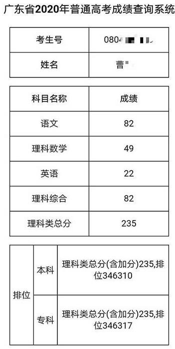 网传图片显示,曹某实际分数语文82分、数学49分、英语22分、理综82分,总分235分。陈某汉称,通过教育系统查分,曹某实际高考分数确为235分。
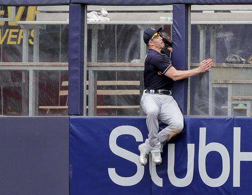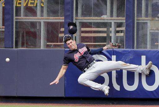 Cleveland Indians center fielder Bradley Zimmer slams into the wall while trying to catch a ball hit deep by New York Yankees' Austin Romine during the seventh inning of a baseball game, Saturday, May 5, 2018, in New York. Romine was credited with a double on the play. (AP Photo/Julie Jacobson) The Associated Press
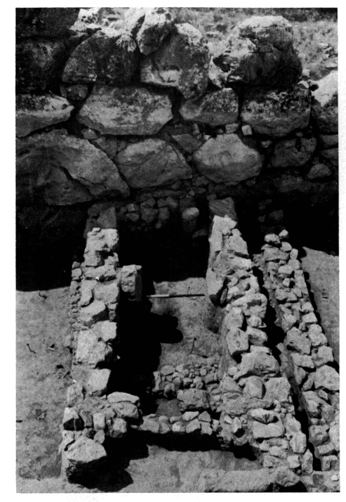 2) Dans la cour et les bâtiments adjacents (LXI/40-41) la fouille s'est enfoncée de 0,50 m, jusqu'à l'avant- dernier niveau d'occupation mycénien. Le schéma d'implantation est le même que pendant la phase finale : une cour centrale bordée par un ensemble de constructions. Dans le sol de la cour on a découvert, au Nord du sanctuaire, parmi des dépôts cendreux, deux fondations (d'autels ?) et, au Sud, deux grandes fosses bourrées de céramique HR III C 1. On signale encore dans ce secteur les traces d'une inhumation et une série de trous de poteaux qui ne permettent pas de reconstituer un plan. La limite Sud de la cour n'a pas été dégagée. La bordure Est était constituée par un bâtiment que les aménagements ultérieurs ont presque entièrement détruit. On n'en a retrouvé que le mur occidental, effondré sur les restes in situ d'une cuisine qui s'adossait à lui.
=-=-=
### Exercise directions:
Leave the pictures out and please restate exactly the lines running from the start of the material through the one with "Cleveland Indians center".

### Written response:
 网传图片显示,曹某实际分数语文82分、数学49分、英语22分、理综82分,总分235分。陈某汉称,通过教育系统查分,曹某实际高考分数确为235分。
 Cleveland Indians center fielder Bradley Zimmer slams into the wall while trying to catch a ball hit deep by New York Yankees' Austin Romine during the seventh inning of a baseball game, Saturday, May 5, 2018, in New York. Romine was credited with a double on the play. (AP Photo/Julie Jacobson) The Associated Press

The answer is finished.